[CRIU] [PATCH 19/28] seccomp: Add restore of per-thread filters
Cyrill Gorcunov
gorcunov at gmail.com
Wed Mar 21 00:43:04 MSK 2018
From: Cyrill Gorcunov <gorcunov at virtuozzo.com>
https://jira.sw.ru/browse/PSBM-78762
Signed-off-by: Cyrill Gorcunov <gorcunov at virtuozzo.com>
---
criu/cr-restore.c | 10 ++--
criu/include/restorer.h | 15 ++++-
criu/include/seccomp.h | 9 ++-
criu/pie/restorer.c | 106 +++++++++++++++++++++-------------
criu/seccomp.c | 149 ++++++++++++++++++++++++++++++++++--------------
5 files changed, 195 insertions(+), 94 deletions(-)

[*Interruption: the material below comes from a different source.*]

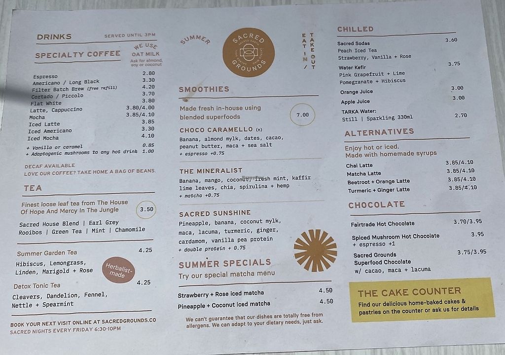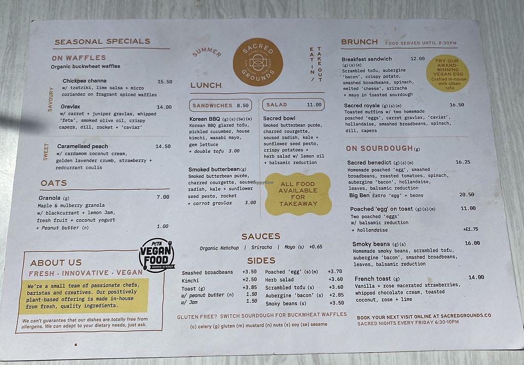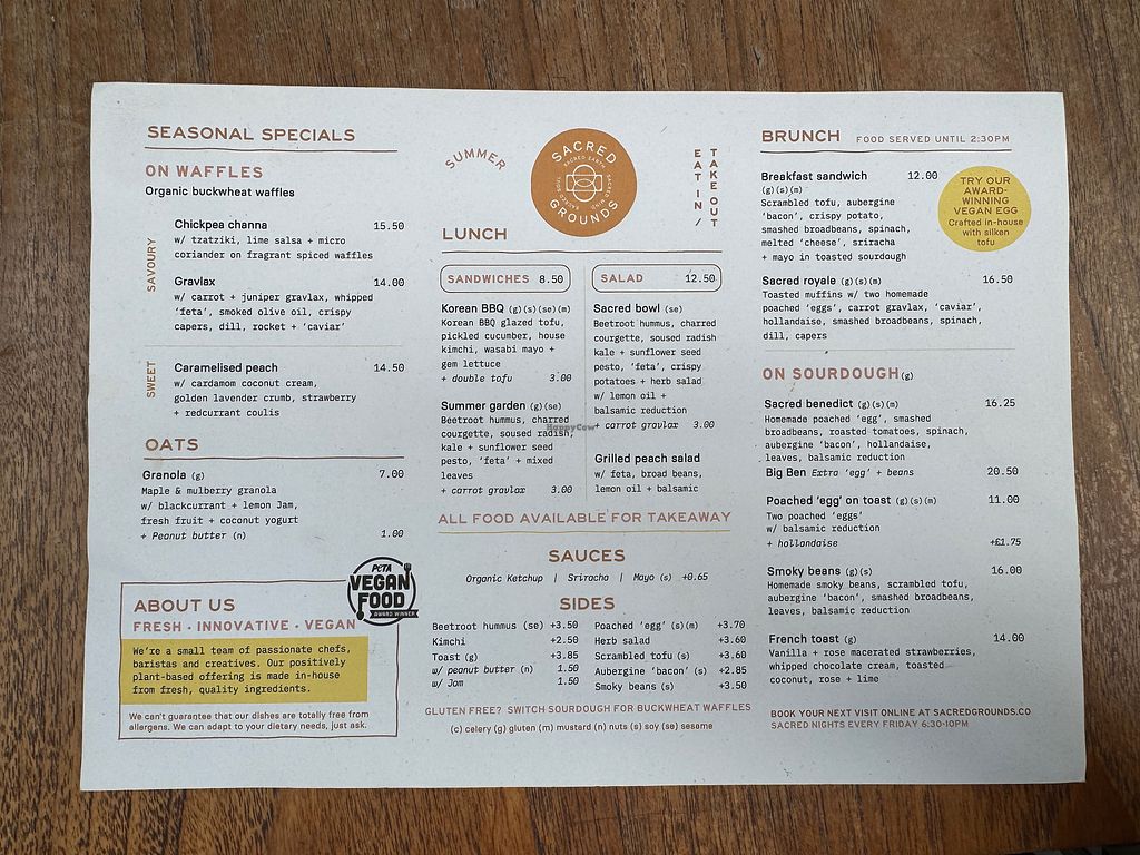 We came to Exeter for the day and had lunch at Sacred Grounds. What a treat, I had the breakfast on gluten free waffles, with their famous egg, my husband had the breakfast sandwich. Delicious, best meal out we have had in a long time. Shame we live so far away, or we would pop in all the time.

diff --git a/criu/cr-restore.c b/criu/cr-restore.c
index b9f8de5e82b1..3025ec4032c2 100644
--- a/criu/cr-restore.c
+++ b/criu/cr-restore.c
@@ -331,7 +331,7 @@ static int root_prepare_shared(void)
if (prepare_remaps())
return -1;
- if (prepare_seccomp_filters())
+ if (seccomp_read_image())
return -1;
if (collect_images(cinfos, ARRAY_SIZE(cinfos)))
@@ -1031,7 +1031,7 @@ static int restore_one_alive_task(int pid, CoreEntry *core)
if (prepare_timerfds(ta))
return -1;
- if (seccomp_filters_get_rst_pos(core, ta) < 0)
+ if (seccomp_prepare_threads(current, ta) < 0)
return -1;
if (prepare_itimers(pid, ta, core) < 0)
@@ -3668,12 +3668,8 @@ static int sigreturn_restore(pid_t pid, struct task_restore_args *task_args, uns
RST_MEM_FIXUP_PPTR(task_args->rlims);
RST_MEM_FIXUP_PPTR(task_args->helpers);
RST_MEM_FIXUP_PPTR(task_args->zombies);
- RST_MEM_FIXUP_PPTR(task_args->seccomp_filters);
RST_MEM_FIXUP_PPTR(task_args->vma_ios);
- if (core->thread_core->has_seccomp_mode)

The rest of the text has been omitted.